The spotted wren is found in two areas of Mexico separated by unsuitable habitat. In the west it ranges from southeastern Sonora south to western México state and western Morelos. East of that band it ranges from southern Nuevo León, southwestern Tamaulipas, and central San Luis Potosí south to Hidalgo. It occurs in several habitat types, from dry oak and pine-oak woodlands to stands of shrubs and cactus to rocky slopes with palms. In elevation it is generally found between 800 and 2500 m but ranges up to 3000 m in Colima.

==Behavior==
===Feeding===

The spotted wren actively forages in small groups, usually on or near the ground but as high as 15 m. It probes bark crevices, epiphytes, and among rocks for invertebrates. It also eats vegetable matter like cactus seeds and has been seen to prey on small lizards.

===Breeding===

The spotted wren's breeding phenology is virtually unknown. It builds a domed nest with side entrance like others of its genus.
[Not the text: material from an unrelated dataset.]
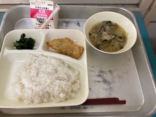 今日の給食は、たらフライ うすくず汁 ほうれんそうのおひたし でした。

The clutch size appears to be two to four.

===Vocalization===

The spotted wren's song has been described as "a series of harsh churring notes" and "a series of unmusical gurgling phrases" . Its call is "a gruff 'cheh-cheh-cheht'" .

==Status==

The IUCN has assessed the spotted wren as being of Least Concern. "Abundance varies; quite sparse and uncommon in some areas, and very common in suitable habitat in others."